• _Task instructions_
Beginning at the line that contains "One of the most", repeat each line exactly through the last one of the records below, and leave out the pictures.

◆ ◆ ◆ ◆ ◆ ◆ ◆

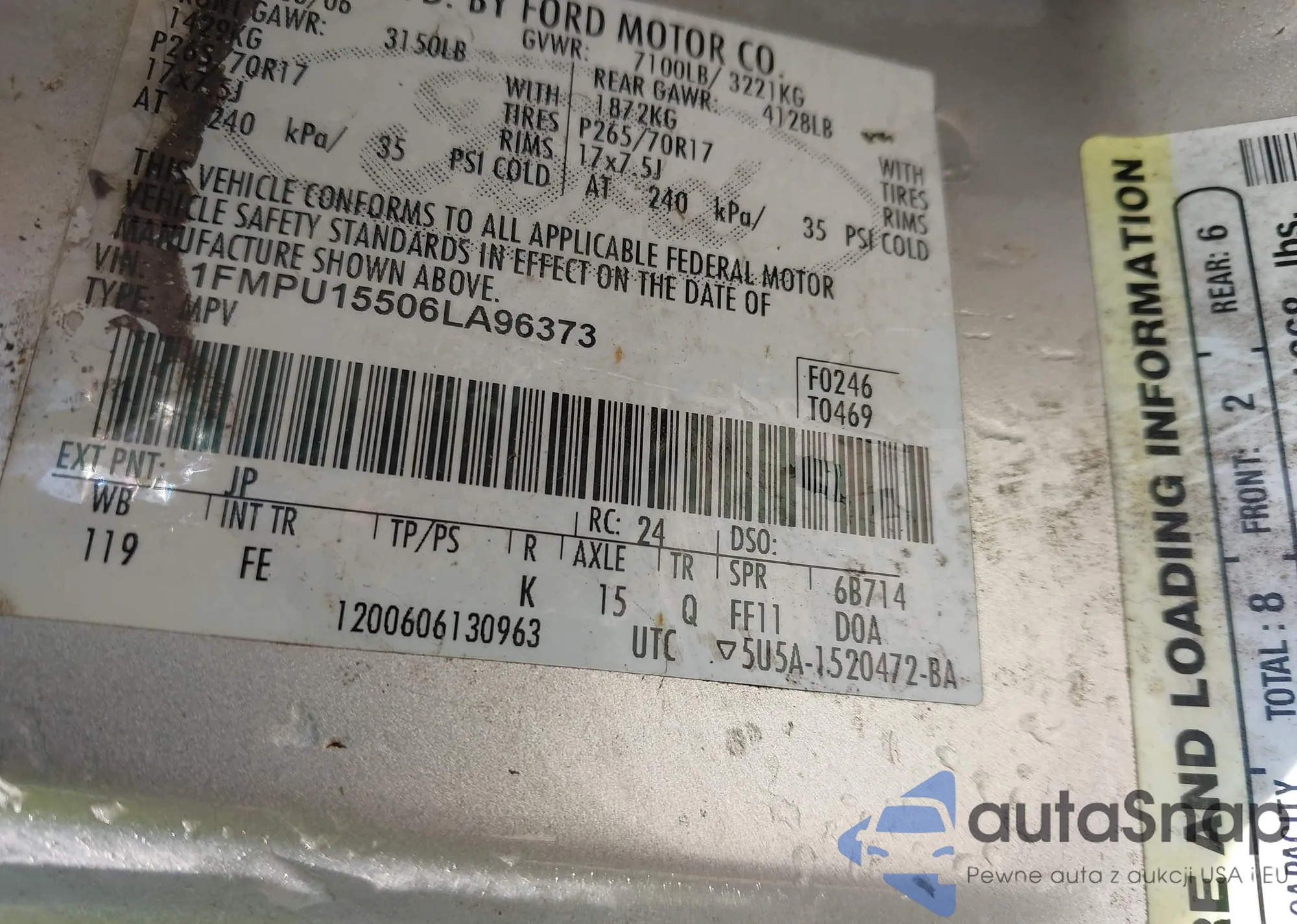 LOT: 42593049 VIN: 1FMPU15506LA96373
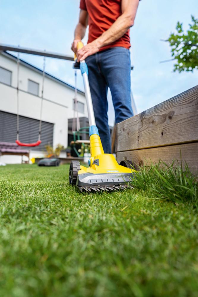 • Perfekter Konturenschnitt bis zum Rand. Ideal auch bei Hochbeeten und Spielinstallationen auf der Rasenfläche.
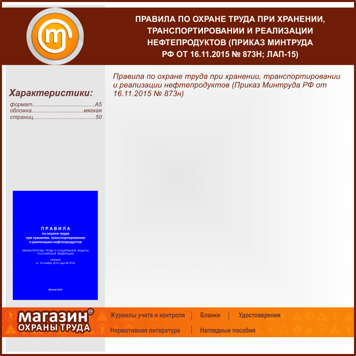 Правила по охране труда при хранении, транспортировании и реализации нефтепродуктов (Приказ Минтруда РФ от 16.11.2015 № 873н) (ЛАП-15) в Ижевске купить
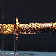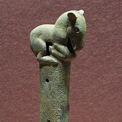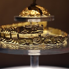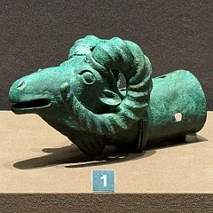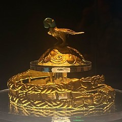 馆内最重要的藏品是一件战国时代的匈奴王金冠,这件文物又名鹰顶金冠饰,冠带浮雕虎、狼、羊、马四种动物图案,顶部装饰黄金及绿松石制成的雄鹰,代表了战国时期北方民族贵金属工艺的最高水平。
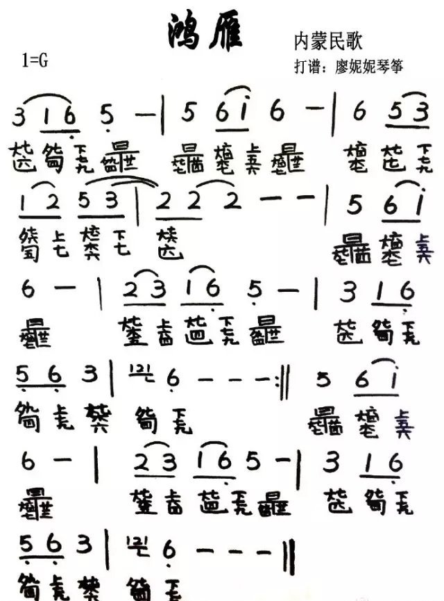 现代古琴谱【鸿雁】廖妮妮简谱五线谱附歌词是乐器资源网于2017年03月04日 02:47:09整理更新,内容收录在古琴乐谱栏目;乐器资源网免费分享专业、准确、规范、高清的古琴乐谱简谱五线谱歌词等电子版资料,欢迎在线免费下载;乐器资源网无需注册会员,即可直接免费下载各类乐器学习相关资源。
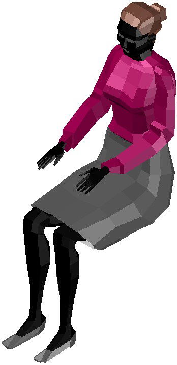 3D view of a girl sitting position CAD block
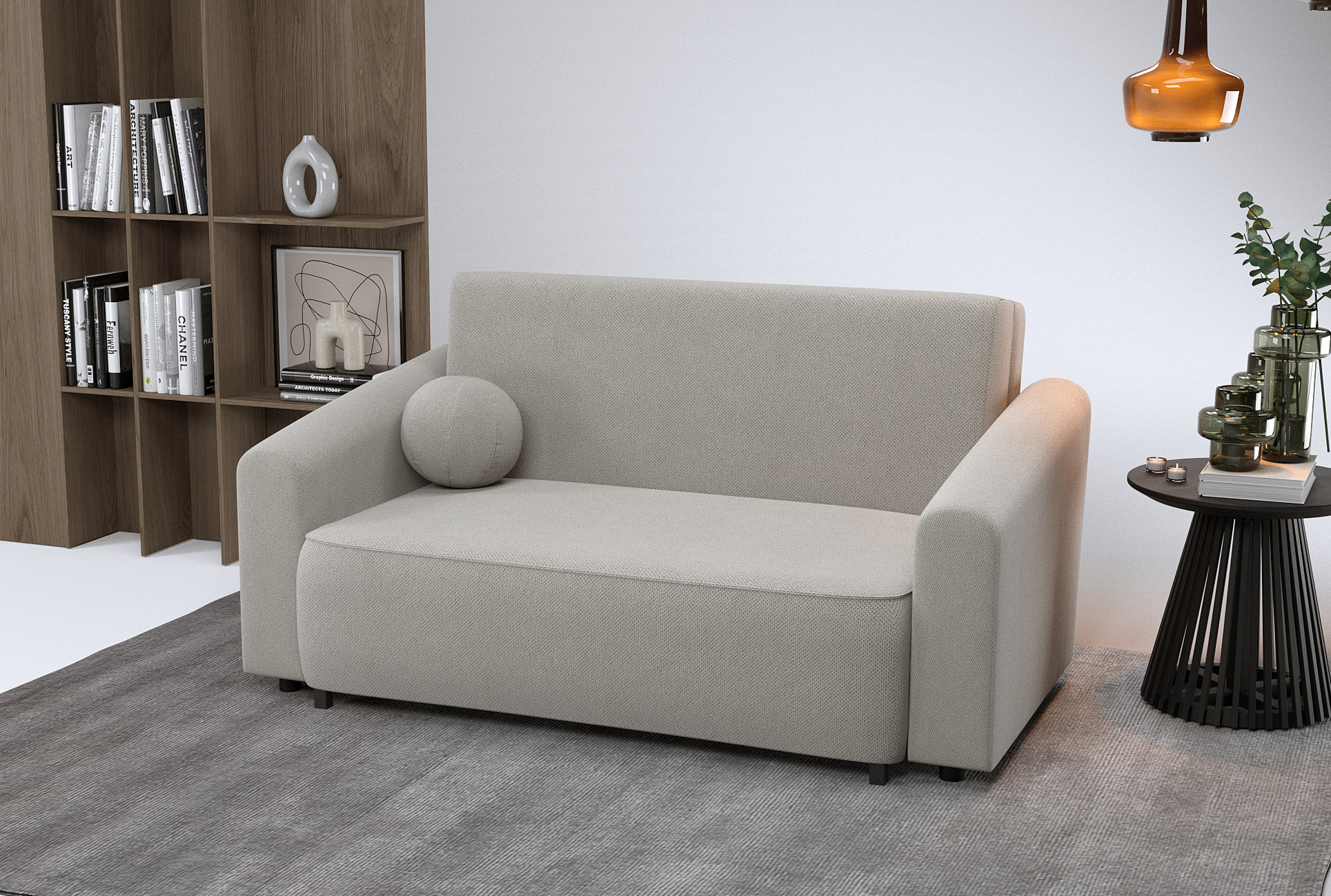 Dwuosobowa sofa NESSO to idealny kompromis między elegancją a codzienną praktycznością. Jej 130-centymetrowe siedzisko zapewnia wyjątkową wygodę podczas wspólnego odpoczynku, a po rozłożeniu oferuje komfortową powierzchnię spania zintegrowaną z pojemnikiem na pościel. Beżowa dzianina Curio, wzbogacona o barierę WATER REPELLENT, skutecznie chroni mebel przed zabrudzeniami, pozwalając cieszyć się jasną barwą bez obaw. Osadzona na solidnym, drewnianym stelażu, sofa NESSO gwarantuje stabilność i trwałość, stając się stylowym fundamentem każdego nowoczesnego salonu.
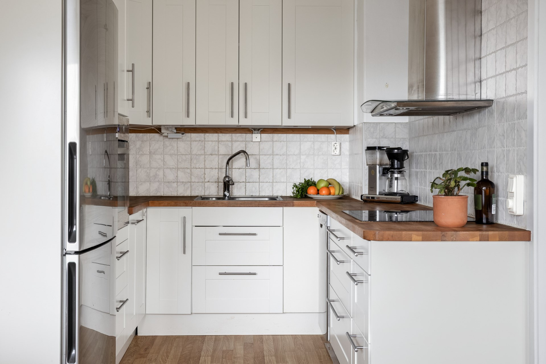 Trevligt arbetskök med vit skåpsinredning och ljus kakel på väggarna.
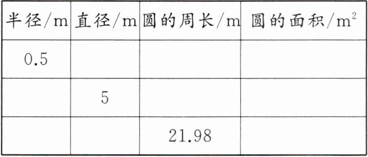 |半径/m|直径/m|圆的周长/m|圆的面积$/m^2$|
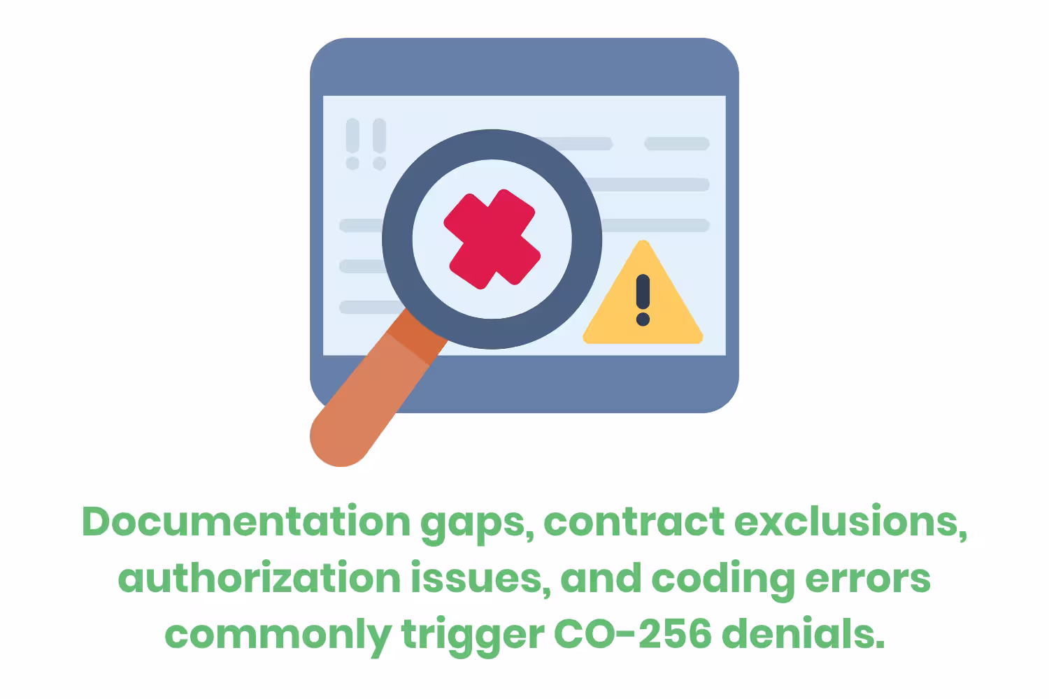 One of the most frequent causes of CO 256 denials is insufficient documentation supporting the medical necessity of the service. Even when care is clinically appropriate, missing or incomplete documentation in the medical records can lead to a denial.
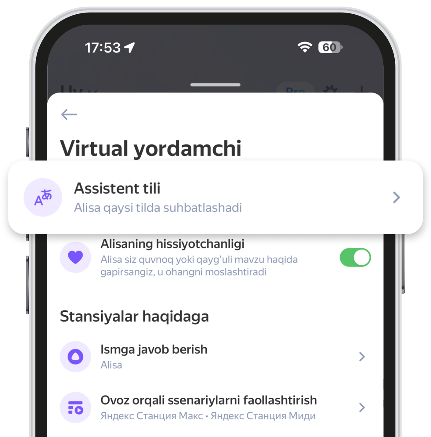 Alisa AI yordamchisining tili

◆ ◆ ◆ ◆ ◆ ◆ ◆

• _Response for this exercise_
 One of the most frequent causes of CO 256 denials is insufficient documentation supporting the medical necessity of the service. Even when care is clinically appropriate, missing or incomplete documentation in the medical records can lead to a denial.
 Alisa AI yordamchisining tili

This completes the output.